BadRabbit Ransomware Decided to Avoid One Antivirus Vendor

Security researchers are noticing something curious most Tuesday's BadRabbit ransomware outbreak. Apparently, the malicious lawmaking is built to avoid encrypting PCs running antivirus from a sure vendor.

Researchers at FireEye noticed the issue when opposite-engineering a BadRabbit malware sample. The ransomware will forgo encryption on a machine when it finds one of four antivirus processes from a Russian security business firm called Dr.Web, it said.

Security business firm Cylance found the same. BadRabbit will cease attempts to spread over the victim's network and harvest the PC's passwords if Dr.Spider web antivirus is detected, information technology said.

Why the ransomware's developer sought to avoid the Moscow-based company's software might heighten eyebrows. Russia often gets blamed for some of the world'due south biggest cyber attacks.

Simply on Th, the Moscow-based Dr.Spider web published its ain findings. Information technology also discovered that BadRabbit skips the encryption process when the company'due south antivirus is detected on the system.

BadRabbit checking for McAfee, Dr.Web antivirus.

However, this actually has to do with how the company'south antivirus software protects a PC's main kick record -- which BadRabbit will endeavor to encrypt.

Instead, the ransomware will seek to avoid early detection, but volition start a total deejay encryption afterward a arrangement reboot, Dr.Web said in its findings.

Tom Bonner, a senior threat manager at Cylance, said he arrived at a similar conclusion.

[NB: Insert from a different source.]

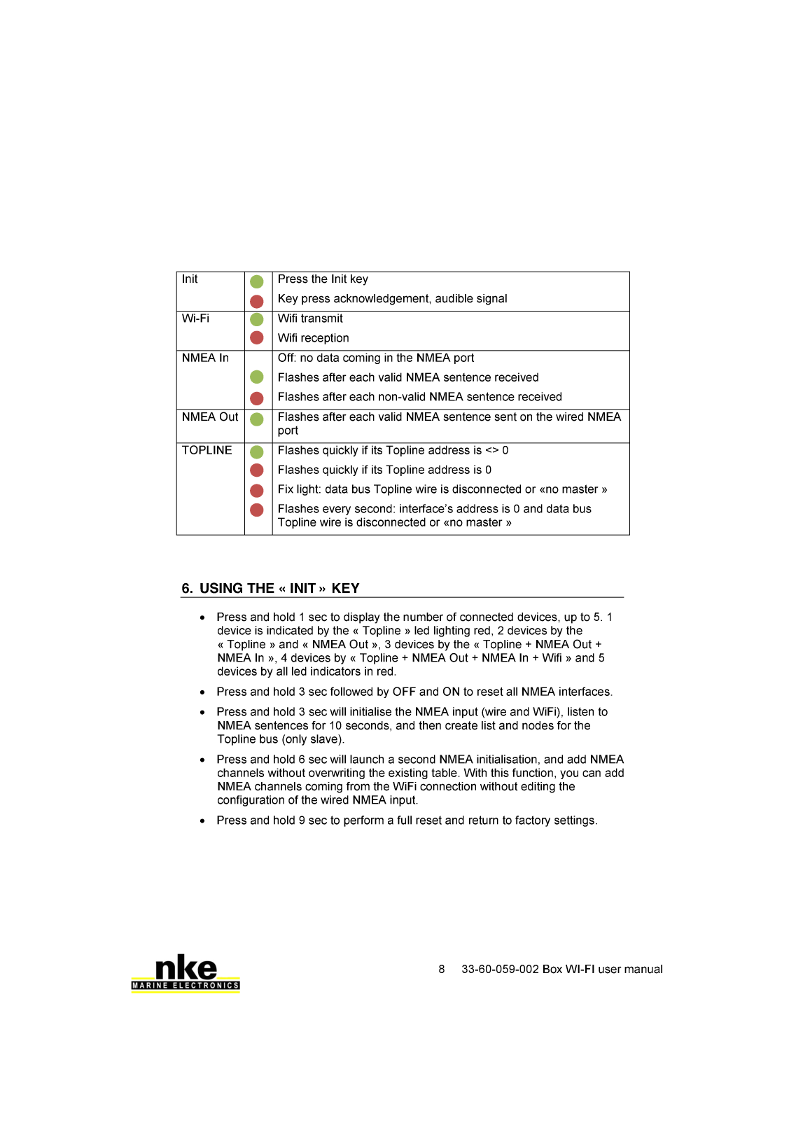 Zi de Kerandr Rue Gutemberg 56700 HENNEBONT part number AND INSTALLATION GUIDEuzd6f KMtwBE y hqSfsynJ4 user INPUTWIRED NMEA OUTPUTFI THE AWIFI CONNECTION TO DE FLUXBox user nke allows ta to be the Topline bus and wireless peripheral equipment such as smartphones tablets andIt features a NMEA 183input to receive AISdataother data coming from a NMEA compatible instrument and a NMEA 183 output wireIt works as a multiplexer combining AISdata with the Toplinebus data to send them over the link and the NMEA 183 wireoutputNew channels can be created on the Topline bus once the NMEA 183 input has been set up with data coming from auxiliary NMEA nkeWifi can process NMEA data format through the wire input andor Wifi wireless connectionThe nke identifies the sentences coming from an AIS receiver orany NMEA 183sourcen autobaudrate detection algorithm allows reception of AIS andNMEA data at 4800 9600 19200 or38400 baudsThe baudrate is saved in the memory once 10 correct NMEA sentences have been receivedThe AIS data flow received viahe NMEA input is sent directly to the Wificonnection and the NMEA 183 outputData coming from the NMEA 183device is sent once the set up procedure has been completed on the Topline have priorityNMEA 183channel is notconsidered if an equivalent channel is already available on the Topline busOnce the instrument connected to the NMEA 183input stops transmitting data the last values are displayed for64 seconds on the Topline screensThe NMEA input has prioriton thWifi channelsNMEA sentences user LOGVLWIP LOGVLWHOURS WIND WIND TO WPTBWCARING TO WPT TrueBWCCROSS TRACK OVER OVER GROUND rueVTGFORESTAY WIND TO WCVTARGET SPEEDKEPNEXT TACK TWAKEPTARGET VMGKEPPOLAR ANGLEKEPTARGET KEPTARGET VMGKEPBox user manualCURRENT NMEAOUTPUTThe NMEA 183wireoutput is set to 38400 bauds and sends AIS datafrom the NMEA 183 input and Topline data converted to NMEA standard sentences to instruments from other following data converted and sent via NMEA 183 depending on the relevant sensors being connected to the ANGLEDEPHTTRIP LOGTOTAL HEADINGTRUE AWA MAST user HEADINGCAP OVER GROUNDSPEED OVER GROUNDYEAR MONTHHOUR TRACK ERRORISTANCETO BEARING TO SPEEDNEXT TACK HEADINGOPTIMUM WIND ANGLETARGET ANGLETARGET CMGVMGOPTIMUM ANGLETARGET VMGCURRENT DIRECTIONSPEED CURRENTCURRENT DIRECTIONSPEED CURRENTMAN OVER BOARDBox user WiFi transmits the AISdata and the NMEAsentences coming from the NMEAinput as well as the NMEAdata from the ToplinebusIt can also forward NMEA data ie bearing and distance to waypoint the Topline bus providing the relevant channels are availabled to the NMEA outputThe nkecreatesa wireless access point 80211bg with the following 21xxxxxxxxxxx matching the serial number featured on the WiFi Boxlabel sticked on the side of the boxaddress 192168561Port 50000TCP a communication protocol which is based on connection with delivery validation and limits the use to one only hostwhile UDP uses a simple transmission model allowing communication with several hosts can connect up to hosts transmitted in NMEA 0183 format identical to the data output via the wire indicators show the operation status of the Status user the InitkeyKey press audible InOff no data coming in the after each valid NMEAsentence after each nonvalid NMEA sentence receivedNMEA OutFlashes after each valid NMEA sentence sent on the wired NMEA quickly if its quickly if its Topline addrelight data bus Toplinewire is disconnected or no masterFlashes every second interfaceand data bus Topline wire is disconnected or no masterSING and hold1 secto display the number of connected devices up to 5 1 device is indicated by the Topline led lighting red 2 devices by the Topline and NMEA Out 3 devices by the Topline NMEA Out NMEA In devices by Topline NMEA Out NMEA In Wifi and 5 devices by all led indicators in red Press and hold3 secfollowed byOFF and ON to reset all NMEA and holdsec will initialise the NMEA input wire and WiFilisten to NMEA sentences for10 seconds and then create list and nodes for the Topline bus only slavePress and hold 6 sec will launch a second NMEA initialisation and add NMEA channelwithout overwriting the existing table With this function you can add NMEA channels coming from the WiFi connection without editing the configuration of the wired NMEA inputPress and hold9 secto perform a full reset and return to factory settings Box user box with NMEAconnection 90Before WiFiis protected from must be mounted in a location wherethere is no risk of connection of the mustcarried out before power to the unit is switched onConnection to the Run the nke cable to the box your systemConnect the bus cable in the junction boxConnect the to your NMEA 183device or AIS Box user manualShould you need to shorten the bus cable uncover and tin the wires before connecting in the junction boxWire colour codeswire white NMEAinputNMEA NMEAinput NMEAdata coming from an AIS receiver donot need NMEA input calibration It will be directly echoed on the and wired be setup to identify and save the NMEA sentences received from the connected instrumentGPS PC etc channels are created and supply 12VdcJunction box9060417DATA black12VDC TO TOPLINE BUSInstrument with NMEAor wireGreen wireNMEA NMEA Wire NMEA 183 OutputTo Topline busRed Box user manualsaved in the nke memory They will remain on the Toplinebus each time the system is turned onSetup proceEnsure that the NMEA 183connected instrument sends data and press until you hear 3psThe NMEA 183input port will scan for NMEA 183data This is acknowledged by audible signals over10 seconds and a long signal once the scan is completedOnce the scan search is completed the unit will sound one signal per channel which habeen created on the there is no NMEA data coming this procduregives a slave address to the nke In thcase the Interface is considered as a slave unit by the SET A WIFI CONNECTION TO A device to the WiFinetwork and use the data coming from your theWiFi function on your DKNrgk7 S8LTWBHLlwlwpr BFjuakqDLOnzy Box use

"I think it (BadRabbit) is trying to be as surreptitious equally possible, and not raise too many flags," he said.

To avoid raising those flags, PhysicianWeb isn't the only antivirus software BadRabbit will try to browse for. It'll also look for the presence of McAfee's antivirus software, Bonner said.

If plant, the ransomware volition stop spreading over the victim's network, but it'll still try to encrypt the files onboard, he added.

Map of BadRabbit attacks.

Others similar FireEye security researcher Nick Carr find BadRabbit's avoidance of MedicoSpider web software suspicious. Withal, Tuesday's outbreak spread across computers largely in Russian federation, but also spilled into Ukraine, Turkey and even Nihon, co-ordinate to security firms.

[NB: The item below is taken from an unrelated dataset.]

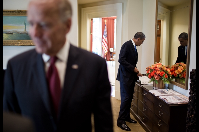 President Barack Obama looks at a magazine on the credenza in the Outer Oval Office before departing the White House for a trip, Sept 27, 2012. Vice President Joe Biden talks with an advisor in the foreground. (Official White House Photo by Chuck Kennedy)

BadRabbit attacked by spreading itself over a fake Adobe Flash Thespian update that was distributed by over a dozen hacked websites.

That Flash update sought to play a trick on visitors into executing the installer, which would then maliciously encrypt all the files inside the PC. To free the system, a victim would take to pay nearly $282 in bitcoin.

Who was backside the assault still isn't known. Just security researchers doubtable BadRabbit's creator may have been the aforementioned culprit behind another ransomware outbreak in June chosen NotPetya. Both attacks shared some of the same unique calculator lawmaking and tactics, which is rare to find.

Security firm FireEye is also uncovering evidence that whoever launched BadRabbit had been trying to profile its potential victims.

Hacked websites found delivering BadRabbit were installed with a malicious Javascript code. That lawmaking is designed to gather data from website visitors through their browser sessions, and relay it back to a separate server.

What data is being profiled about visitors isn't clear, but it allows BadRabbit'southward creator to distinguish betwixt which visitors volition be targeted with a malicious payload, FireEye's Carr said.

That's strange behavior for a ransomware assail when most are designed to infect as many targets every bit possible. But it might offering an important inkling to what BadRabbit was really trying to accomplish.

"We have reason to suspect that this was not a truly financially-motivated assail," Carr said.